Work to complete:
What is needed is a word-for-word copy of the lines below from the one with "North America by" through the one with "Figure 3 The", both included, with every picture left out.

Data for this task:
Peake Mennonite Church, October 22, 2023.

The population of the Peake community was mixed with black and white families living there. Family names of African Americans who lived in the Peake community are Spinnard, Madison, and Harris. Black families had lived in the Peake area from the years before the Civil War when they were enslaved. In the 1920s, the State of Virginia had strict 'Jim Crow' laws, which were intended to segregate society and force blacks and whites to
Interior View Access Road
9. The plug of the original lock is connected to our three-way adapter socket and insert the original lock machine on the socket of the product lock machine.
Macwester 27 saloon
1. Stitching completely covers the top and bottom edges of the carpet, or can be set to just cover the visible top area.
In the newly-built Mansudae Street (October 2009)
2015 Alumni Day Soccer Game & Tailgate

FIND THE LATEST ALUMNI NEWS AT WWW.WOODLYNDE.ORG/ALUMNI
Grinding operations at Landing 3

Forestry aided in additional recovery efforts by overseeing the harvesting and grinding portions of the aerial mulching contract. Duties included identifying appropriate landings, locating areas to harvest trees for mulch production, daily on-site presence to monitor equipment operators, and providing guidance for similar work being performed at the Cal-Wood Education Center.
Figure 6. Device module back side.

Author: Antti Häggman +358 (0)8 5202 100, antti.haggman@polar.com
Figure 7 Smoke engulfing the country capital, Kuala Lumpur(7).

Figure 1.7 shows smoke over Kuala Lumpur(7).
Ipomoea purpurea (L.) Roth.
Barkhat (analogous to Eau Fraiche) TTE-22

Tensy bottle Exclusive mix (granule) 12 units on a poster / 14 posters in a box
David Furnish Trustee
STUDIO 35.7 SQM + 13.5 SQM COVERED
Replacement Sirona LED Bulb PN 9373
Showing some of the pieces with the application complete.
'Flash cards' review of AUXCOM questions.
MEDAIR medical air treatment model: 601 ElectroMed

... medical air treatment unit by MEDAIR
...
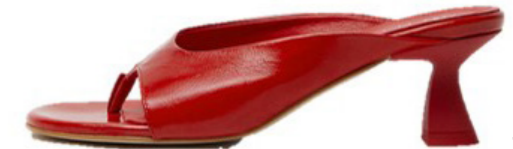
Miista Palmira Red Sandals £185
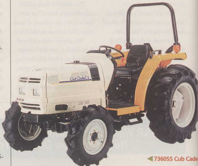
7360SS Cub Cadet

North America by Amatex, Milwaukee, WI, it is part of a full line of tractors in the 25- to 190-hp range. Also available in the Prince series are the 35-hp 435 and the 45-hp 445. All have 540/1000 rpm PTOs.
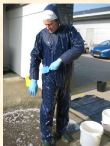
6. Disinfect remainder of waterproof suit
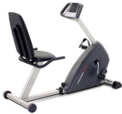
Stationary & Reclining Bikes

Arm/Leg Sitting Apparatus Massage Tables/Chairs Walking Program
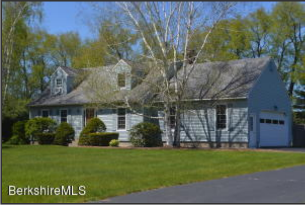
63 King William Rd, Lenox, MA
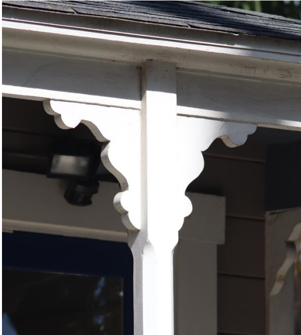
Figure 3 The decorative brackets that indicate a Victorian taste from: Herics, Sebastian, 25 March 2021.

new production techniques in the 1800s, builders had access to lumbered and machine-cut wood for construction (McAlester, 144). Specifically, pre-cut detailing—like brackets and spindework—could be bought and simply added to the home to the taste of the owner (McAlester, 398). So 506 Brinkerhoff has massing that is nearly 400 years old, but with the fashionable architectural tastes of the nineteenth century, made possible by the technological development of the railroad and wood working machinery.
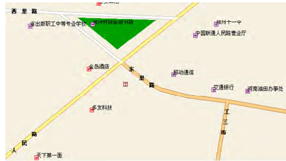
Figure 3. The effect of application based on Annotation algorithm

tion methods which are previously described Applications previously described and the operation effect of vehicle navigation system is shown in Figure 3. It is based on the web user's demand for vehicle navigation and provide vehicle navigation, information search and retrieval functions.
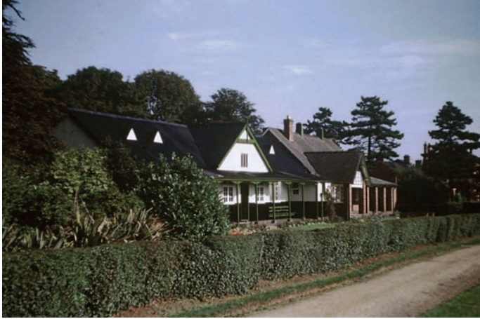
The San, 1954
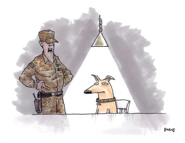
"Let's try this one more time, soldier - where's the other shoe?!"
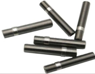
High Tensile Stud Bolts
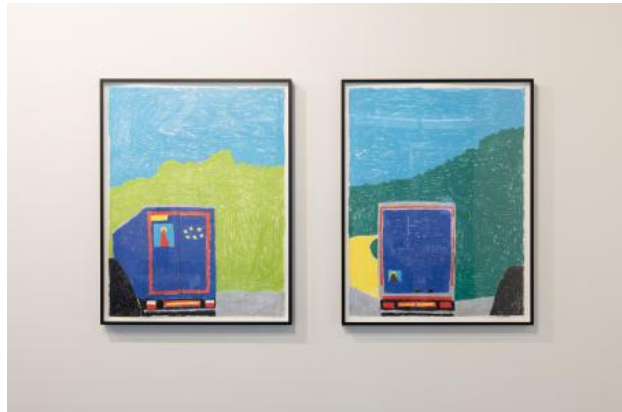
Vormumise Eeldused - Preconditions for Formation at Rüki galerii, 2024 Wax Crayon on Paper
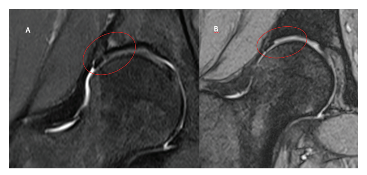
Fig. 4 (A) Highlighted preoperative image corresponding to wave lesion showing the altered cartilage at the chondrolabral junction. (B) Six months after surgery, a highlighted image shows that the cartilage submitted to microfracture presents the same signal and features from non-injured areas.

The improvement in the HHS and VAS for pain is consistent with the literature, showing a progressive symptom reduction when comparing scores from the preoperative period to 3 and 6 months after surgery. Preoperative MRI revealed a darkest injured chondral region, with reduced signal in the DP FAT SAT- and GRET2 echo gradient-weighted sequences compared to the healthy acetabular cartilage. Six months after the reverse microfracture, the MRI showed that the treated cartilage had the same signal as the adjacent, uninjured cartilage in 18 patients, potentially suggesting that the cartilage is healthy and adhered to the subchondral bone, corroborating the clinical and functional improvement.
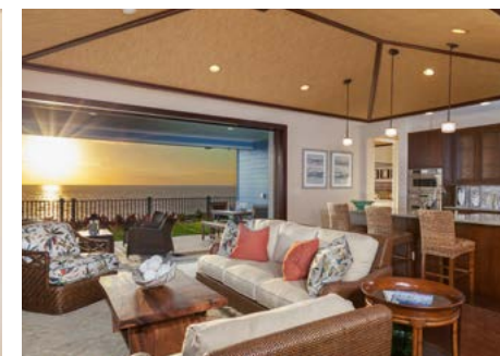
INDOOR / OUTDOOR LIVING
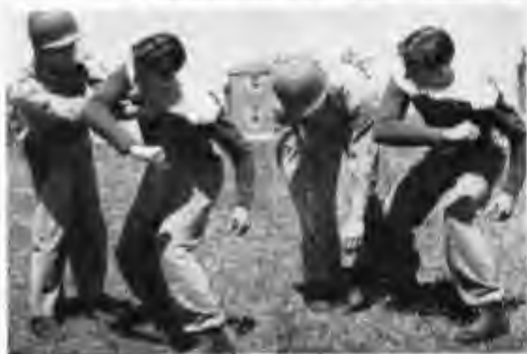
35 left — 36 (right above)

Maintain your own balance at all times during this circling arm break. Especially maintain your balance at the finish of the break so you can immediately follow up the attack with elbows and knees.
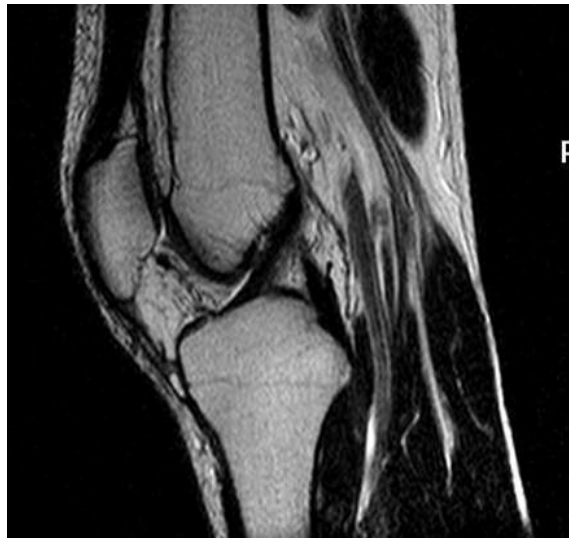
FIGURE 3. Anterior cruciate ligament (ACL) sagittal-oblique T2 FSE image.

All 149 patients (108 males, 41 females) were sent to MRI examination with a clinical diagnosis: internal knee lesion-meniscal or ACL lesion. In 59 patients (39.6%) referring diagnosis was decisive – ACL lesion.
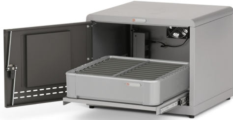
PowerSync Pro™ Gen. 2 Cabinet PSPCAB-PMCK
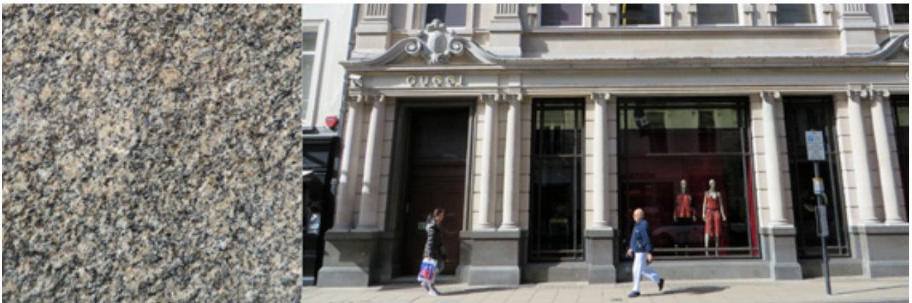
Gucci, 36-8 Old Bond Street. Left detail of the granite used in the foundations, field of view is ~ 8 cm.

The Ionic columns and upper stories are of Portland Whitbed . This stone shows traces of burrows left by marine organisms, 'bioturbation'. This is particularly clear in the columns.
---
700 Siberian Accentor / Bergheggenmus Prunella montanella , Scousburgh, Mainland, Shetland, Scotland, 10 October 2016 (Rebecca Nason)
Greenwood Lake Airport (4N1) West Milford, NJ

Answer space:
North America by Amatex, Milwaukee, WI, it is part of a full line of tractors in the 25- to 190-hp range. Also available in the Prince series are the 35-hp 435 and the 45-hp 445. All have 540/1000 rpm PTOs.
6. Disinfect remainder of waterproof suit
Stationary & Reclining Bikes

Arm/Leg Sitting Apparatus Massage Tables/Chairs Walking Program
63 King William Rd, Lenox, MA
Figure 3 The decorative brackets that indicate a Victorian taste from: Herics, Sebastian, 25 March 2021.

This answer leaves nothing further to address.